Asymmetric Link to heading
We have 3 main cases:
- Graph Nested Transformers, where the canonical example is Graph-former. Here we embed a GNN into each transformer layer, where the role of the GNN is to further massage the output of the feed-forward networks.
- Graph Aware Distillation, which we can understand by looking at Grad. It consists of a GNN teacher model whose responsibility is to generate soft-labels for an LLM. We share parameters between the teacher GNN and the student LLM. Parameter sharing results in information bleeding between the GNN and LLM, forcing the LLM to pick up structural information and the GNN to better handle semantic information.
- Iterative Updates, demonstrated in THLM. Here we have a heterogeneous GNN that enhances an LLM, each pretrained using different strategies and producing labels for the other. After pretraining is done, we discard the GNN and finetune the LLM for graph-aware tasks, leveraging the information gained during joint pretraining. We can clearly see that the GNN plays a supporting role.

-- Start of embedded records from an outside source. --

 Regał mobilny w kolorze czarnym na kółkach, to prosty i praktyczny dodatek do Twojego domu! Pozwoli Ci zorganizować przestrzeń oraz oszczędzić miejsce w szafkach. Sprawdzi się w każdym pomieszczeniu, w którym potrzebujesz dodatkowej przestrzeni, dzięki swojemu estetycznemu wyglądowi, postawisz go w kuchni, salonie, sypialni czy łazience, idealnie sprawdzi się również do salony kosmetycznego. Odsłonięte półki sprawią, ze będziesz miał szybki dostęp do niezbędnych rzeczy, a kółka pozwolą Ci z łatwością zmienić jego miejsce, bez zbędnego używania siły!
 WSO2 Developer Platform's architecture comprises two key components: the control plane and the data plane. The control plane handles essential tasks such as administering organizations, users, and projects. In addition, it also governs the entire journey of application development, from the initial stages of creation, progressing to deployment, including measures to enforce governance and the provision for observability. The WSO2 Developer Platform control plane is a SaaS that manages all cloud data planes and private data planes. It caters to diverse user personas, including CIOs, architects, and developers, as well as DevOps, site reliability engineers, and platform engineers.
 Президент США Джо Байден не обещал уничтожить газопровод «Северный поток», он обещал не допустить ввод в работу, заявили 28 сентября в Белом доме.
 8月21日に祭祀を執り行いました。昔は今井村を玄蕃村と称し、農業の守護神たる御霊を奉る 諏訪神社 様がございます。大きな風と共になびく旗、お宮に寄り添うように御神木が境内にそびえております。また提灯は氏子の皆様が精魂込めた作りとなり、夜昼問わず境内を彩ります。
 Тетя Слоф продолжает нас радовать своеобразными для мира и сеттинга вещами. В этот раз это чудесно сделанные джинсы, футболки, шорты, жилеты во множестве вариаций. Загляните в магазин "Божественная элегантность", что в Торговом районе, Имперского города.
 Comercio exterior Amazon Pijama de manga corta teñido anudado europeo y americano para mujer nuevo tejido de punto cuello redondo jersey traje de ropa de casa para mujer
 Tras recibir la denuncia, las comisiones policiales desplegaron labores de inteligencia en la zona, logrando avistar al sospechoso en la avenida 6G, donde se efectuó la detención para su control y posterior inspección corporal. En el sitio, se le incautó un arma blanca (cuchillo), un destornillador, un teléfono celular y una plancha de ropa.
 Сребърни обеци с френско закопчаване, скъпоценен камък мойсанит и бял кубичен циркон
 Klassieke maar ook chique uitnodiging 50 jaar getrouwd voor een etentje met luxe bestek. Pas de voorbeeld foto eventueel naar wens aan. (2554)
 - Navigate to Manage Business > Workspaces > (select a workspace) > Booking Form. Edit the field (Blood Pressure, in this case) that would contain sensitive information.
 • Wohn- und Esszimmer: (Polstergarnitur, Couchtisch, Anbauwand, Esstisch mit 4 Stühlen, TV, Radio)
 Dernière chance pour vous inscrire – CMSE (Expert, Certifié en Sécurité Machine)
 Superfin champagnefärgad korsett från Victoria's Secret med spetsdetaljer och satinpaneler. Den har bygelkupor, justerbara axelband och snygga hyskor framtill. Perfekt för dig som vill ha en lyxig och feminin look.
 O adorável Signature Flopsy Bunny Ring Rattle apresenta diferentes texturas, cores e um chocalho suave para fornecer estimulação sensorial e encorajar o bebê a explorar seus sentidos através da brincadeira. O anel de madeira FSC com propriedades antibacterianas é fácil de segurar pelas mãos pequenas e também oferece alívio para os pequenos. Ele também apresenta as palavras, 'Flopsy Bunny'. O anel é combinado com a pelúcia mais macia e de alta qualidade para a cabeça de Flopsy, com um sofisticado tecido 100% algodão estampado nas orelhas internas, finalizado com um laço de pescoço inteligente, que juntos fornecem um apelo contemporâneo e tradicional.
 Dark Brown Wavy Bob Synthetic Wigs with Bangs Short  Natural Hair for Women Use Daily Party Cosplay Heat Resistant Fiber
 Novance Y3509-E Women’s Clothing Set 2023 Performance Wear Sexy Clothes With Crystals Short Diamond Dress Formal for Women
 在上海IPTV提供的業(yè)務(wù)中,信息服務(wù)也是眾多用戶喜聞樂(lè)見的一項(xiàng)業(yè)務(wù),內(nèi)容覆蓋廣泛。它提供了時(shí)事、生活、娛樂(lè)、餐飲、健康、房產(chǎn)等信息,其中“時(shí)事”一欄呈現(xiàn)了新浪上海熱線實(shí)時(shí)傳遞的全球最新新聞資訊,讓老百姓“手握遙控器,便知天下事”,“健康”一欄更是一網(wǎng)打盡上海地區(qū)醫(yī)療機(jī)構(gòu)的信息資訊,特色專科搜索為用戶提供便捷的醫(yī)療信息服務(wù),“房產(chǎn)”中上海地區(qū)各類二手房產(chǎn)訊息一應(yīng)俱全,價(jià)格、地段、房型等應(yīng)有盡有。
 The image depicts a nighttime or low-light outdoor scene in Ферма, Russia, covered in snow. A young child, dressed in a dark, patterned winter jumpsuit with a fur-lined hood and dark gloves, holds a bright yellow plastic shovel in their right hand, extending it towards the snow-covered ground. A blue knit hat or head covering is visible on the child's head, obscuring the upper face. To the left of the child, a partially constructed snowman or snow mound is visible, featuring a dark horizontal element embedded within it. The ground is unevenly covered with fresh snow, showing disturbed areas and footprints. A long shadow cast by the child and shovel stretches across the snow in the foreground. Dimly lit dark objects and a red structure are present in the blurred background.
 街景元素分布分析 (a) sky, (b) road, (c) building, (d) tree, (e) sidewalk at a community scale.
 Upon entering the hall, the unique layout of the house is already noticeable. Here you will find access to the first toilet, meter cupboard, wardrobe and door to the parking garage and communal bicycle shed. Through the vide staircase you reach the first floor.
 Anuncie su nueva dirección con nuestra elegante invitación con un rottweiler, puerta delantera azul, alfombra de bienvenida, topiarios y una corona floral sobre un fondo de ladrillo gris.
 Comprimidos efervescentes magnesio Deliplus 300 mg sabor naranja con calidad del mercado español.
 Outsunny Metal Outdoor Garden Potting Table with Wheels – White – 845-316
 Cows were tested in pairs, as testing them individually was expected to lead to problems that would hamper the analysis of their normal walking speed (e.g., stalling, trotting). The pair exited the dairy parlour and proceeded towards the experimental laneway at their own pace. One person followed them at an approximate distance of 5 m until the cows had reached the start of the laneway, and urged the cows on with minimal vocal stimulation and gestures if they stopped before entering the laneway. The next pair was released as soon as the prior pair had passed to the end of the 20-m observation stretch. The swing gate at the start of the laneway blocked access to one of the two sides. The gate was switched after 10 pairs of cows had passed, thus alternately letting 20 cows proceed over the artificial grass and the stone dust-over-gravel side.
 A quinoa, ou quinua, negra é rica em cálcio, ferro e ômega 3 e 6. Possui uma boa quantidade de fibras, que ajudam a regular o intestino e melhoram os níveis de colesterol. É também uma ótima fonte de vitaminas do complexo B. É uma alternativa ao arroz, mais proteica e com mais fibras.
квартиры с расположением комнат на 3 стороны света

Final Remarks Link to heading
This just scratches the surface. If you are interested, I recommend visiting Awesome-LLMs-in-Graph-tasks on Github. An interesting new approach is combining GNNs with LLM Agents for planning: Can Graph Learning Improve Planning in LLM-based Agents?. Also follow Learning On Graph Conference - they do a great job informing the public about the latest research in the field of GNNs, and since Language Models cannot be ignored, there tends to be significant overlap.